NASA Data and Technology for Precision Ag and How to Get It
Since 1959, NASA Goddard Space Flight Center has been studying the planet Earth from Space. As NASA’s only launch center, we fly a lot of birds. Goddard products you probably know include the satellite weather images you see on the news, Landsat, global climate models, and much more. With around 10,000 scientists and engineers, we are the world’s largest earth observation center. Our network of satellites (plus data from our cooperators around the world) plus our analytical tools can help you better understand vegetation structure, nutrient status, stress responses, water quality and quantity, crop residue quantity and condition, and longer term trends affecting farm and forest operations. A big part of our mission is making this wealth of data, technology, and capabilities available to the American people to better lives and stimulate the economy.

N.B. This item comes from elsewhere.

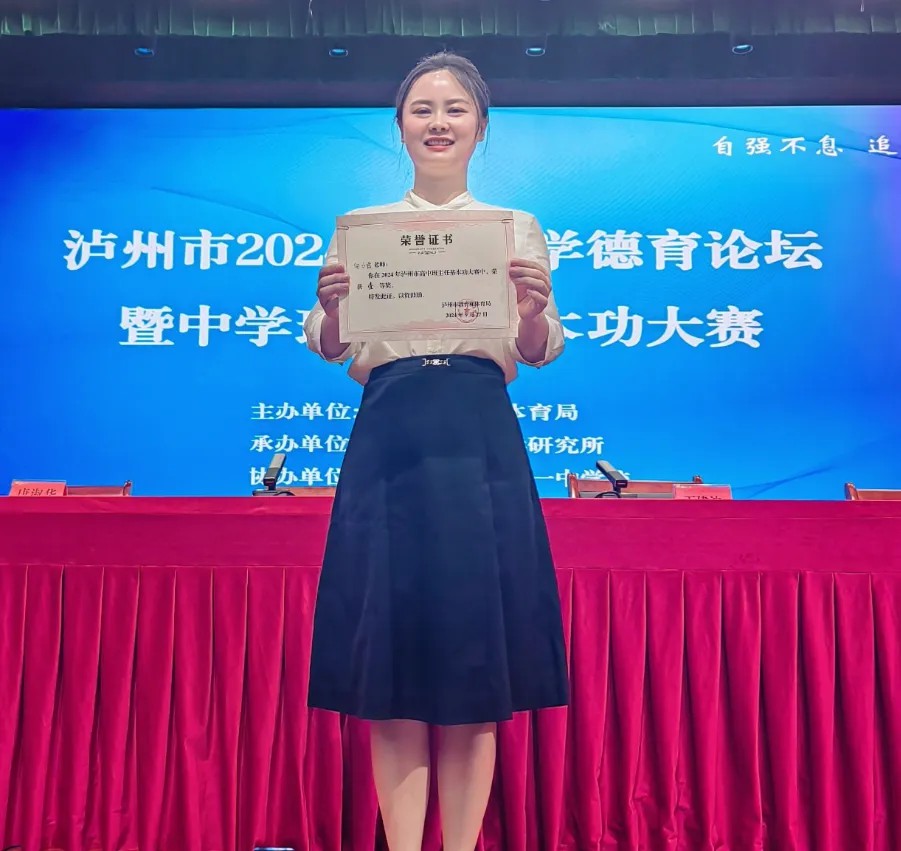 近日,在泸州市2024年中小学德育论坛暨班主任基本功大赛中,泸州高中向小霞老师荣获高中组一等奖。

Join us to find out what we have and how you can tap into it.
Biography: Phyl Speser, J.D., Ph.D., is on the senior staff of NASA Goddards technology transfer/industry partnering office. He became involved with precision agriculture in the 1990s as the commercialization support contractor for USDAs Small Business Innovation Research Program. Dr. Speser helped draft and enact most of the legislation establishing the current US science, engineering, and technology system,. He is widely acknowledge to be one of the founders of the field of technology transfer/commercialization and authored of the best-selling textbook, The Art & Science of Technology Transfer (Wiley, 2006), among other accomplishments. Semi-retired, he lives on and manages a redwood planation in Northern California. A member of the Comptche Volunteer Fire Department, his current hobby is developing a field-portable UAV for wildland firefighting.